PO: There’s this balance when you’re a parent of limiting and literacy. I really do think we do a lot of discussion and pointing out. I prefer to read the old-fashioned children’s book because they’re less materialistic, but then they have lots of stereotypes about girls and women. When they come up we have this thing where my daughter and I look at each other, roll our eyes and shake our heads. So we recognize them and point them out. But at the same time, I really do limit her exposure...
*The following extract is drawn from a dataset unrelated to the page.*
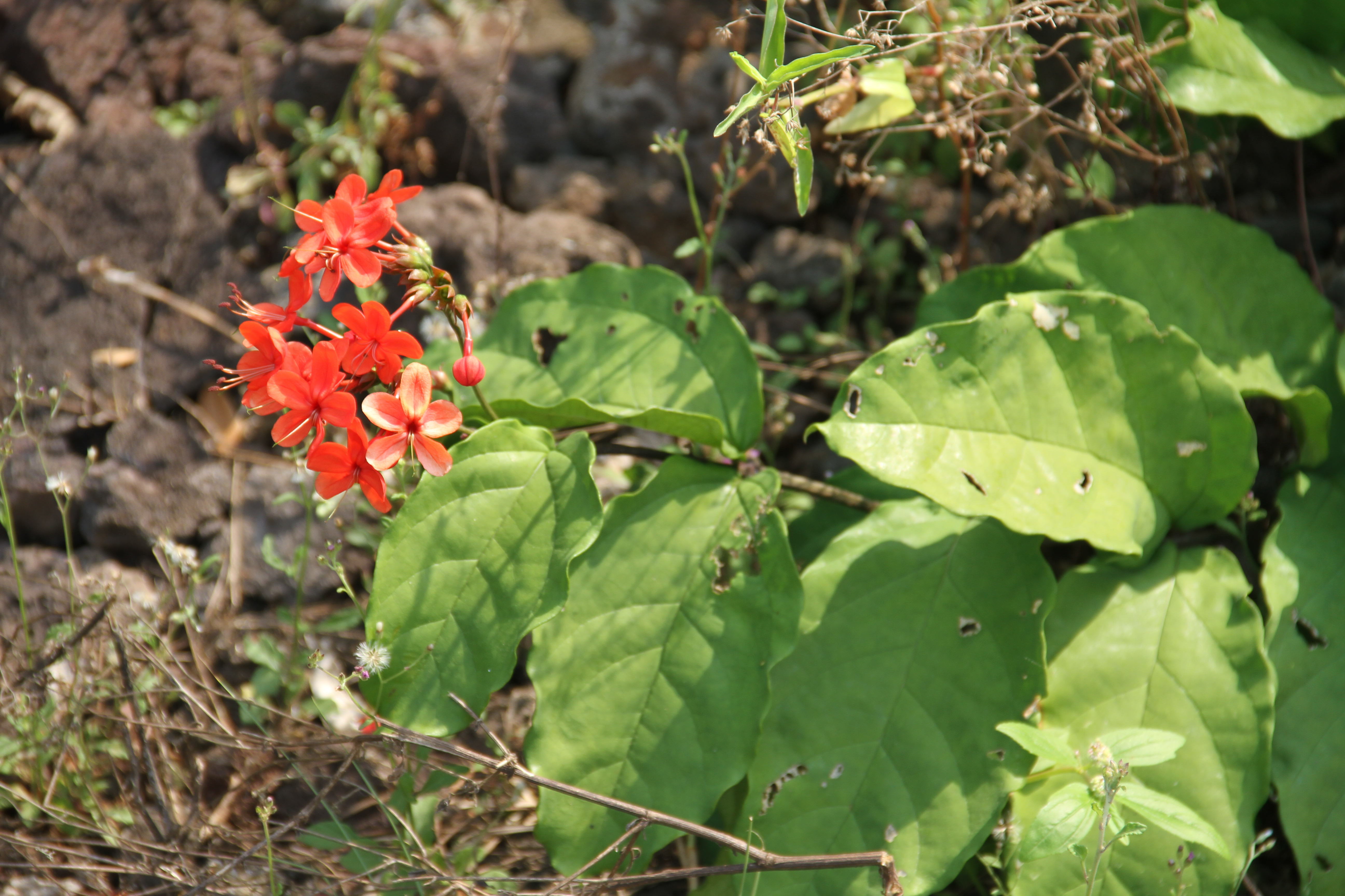 Clerodendrum splendens, near Sipopo, Bioko The making of this document was supported by the Community-Budget of Wikimedia Germany.

I don’t want the media raising my kid. I don’t want them deciding for her what it means to be female... And people have this bizarre idea, I see it all the time on blogs and hear it often, "My daughter was just born this way and I like her to have the choice. [re: princess culture]" Really? You really think that a four billion dollar industry beamed at your daughter is giving you a choice? You really buy that? Because that’s exactly what you’re supposed to believe, and that is not true! And the only way to give her true choices is to offer her choices and to limit the choices that people are calculating selling her that will look like cotton candy and ice cream to her. Of course she’s going to go for the ice cream.
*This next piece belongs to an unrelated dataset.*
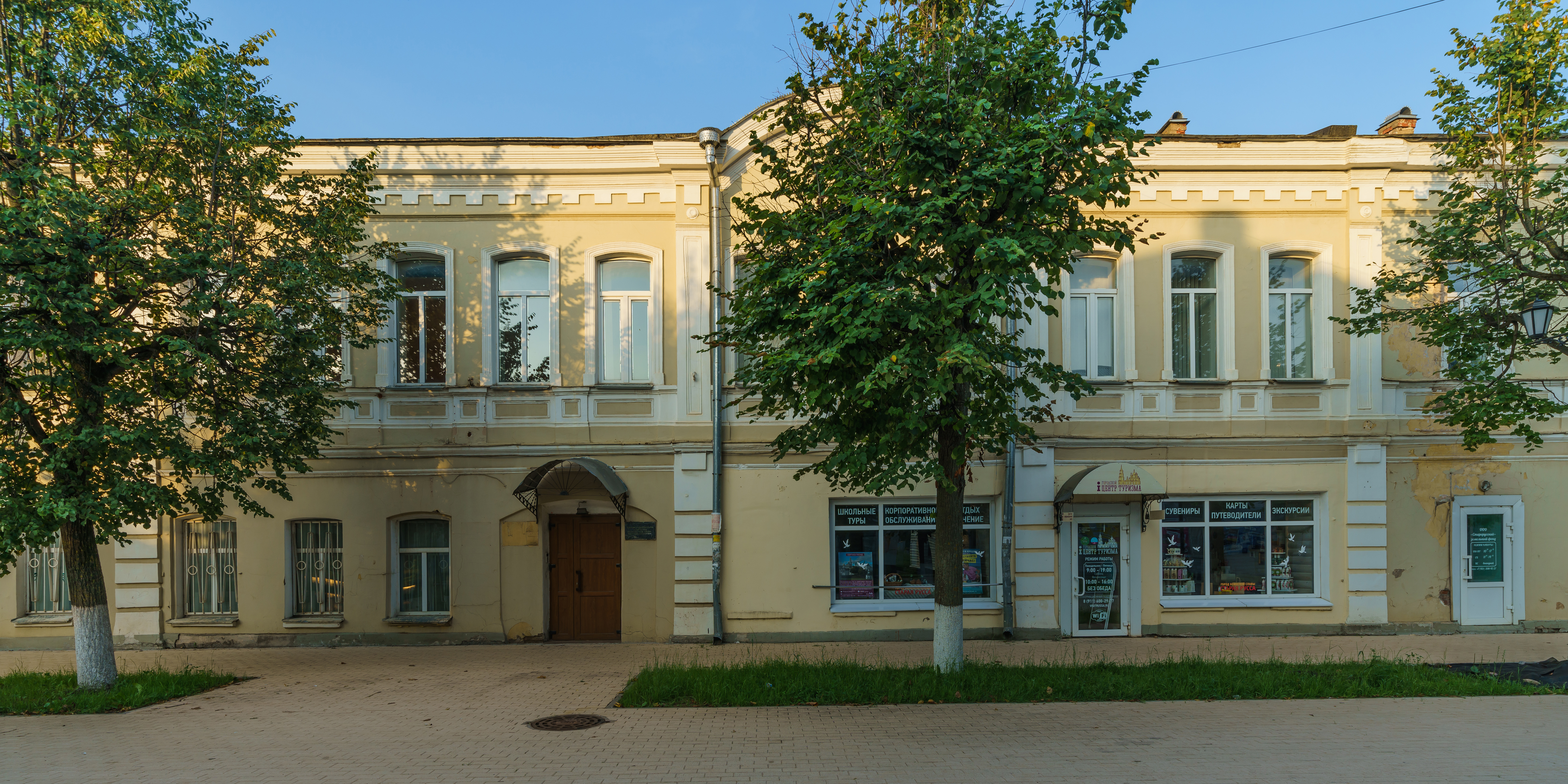 Building at Voskresenskaya Street, 8 in Staraya Russa, Novgorod Oblast, Russia

As we talked some more, Peggy alleviated some of my fears regarding what I call the Princess Paradox—the idea that my hypocrisy shows a little in order to allow my son his princess fix.
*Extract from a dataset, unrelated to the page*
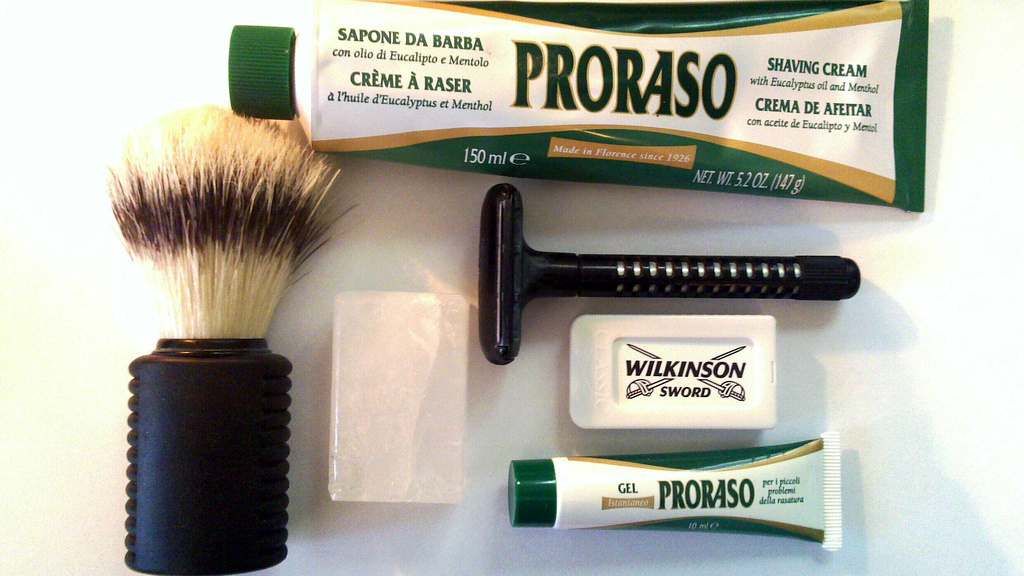 From left: Omega boar bristle brush, pictured previously, alum block, Wilkinson Sword Classic safety razor, pack of Wilkinson Sword blades, Proraso gel for nicks and cuts and, at the top, Proraso shaving cream.

PO: There are all the hypocritical messages that we constantly let in. Like Wonder Woman Barbie. Is Wonder Woman Barbie good? Is Wonder Woman Barbie bad? I don’t know. But it scratched an itch for a certain kind of thing that she [Orenstein's daughter Daisy] wanted. She loved her Wonder Woman Barbie. But then she would do like Barbie funerals with it, and I’d think, "That’s interesting."
There were some things that I outright banned. There was no fucking way she would have a Bratz doll. Or no bloody way Monster High was getting in my house. There was a lot that was just NO. And then there was a lot that was hypocritical, like a certain number of Barbies. You are a human being... We all have our contradictions and our hypocrisies and you do your best... You try to communicate your values as best you can. And sometimes you blow it. And sometimes you get caught in unknowing situations. And sometimes you’re tired. And sometimes you turn a blind eye.
I wrote the book the way I wrote it, with the sort of humor and my sort of confusion as a parent because I wanted that reality in there. It isn’t easy. It isn’t clear. There are some bright lines, but there are a lot lines that are not bright. And there are a lot of times when it’s hard to decide—when your four-year-old kid gets invited to the spa birthday party or the princess birthday party, and all her friends are going. And you really don’t want that, you don’t want that for her, but how do you say no when all her friends are going? How do you deal with that situation? There are ways—there are a lot of different options. That’s the reality of parenting. How do you deal with things where you have contradictory feelings or opposing forces, and that happens with these things all the time? You’re going to make good decisions and you’re going to make bad decisions and you’re going to make the best decisions that you can, and... save a little money for therapy.
Try to be conscious, try to be thoughtful, try to do what you can do, try to find alternatives, try to expand your repertoire and recognize that you can’t be perfect.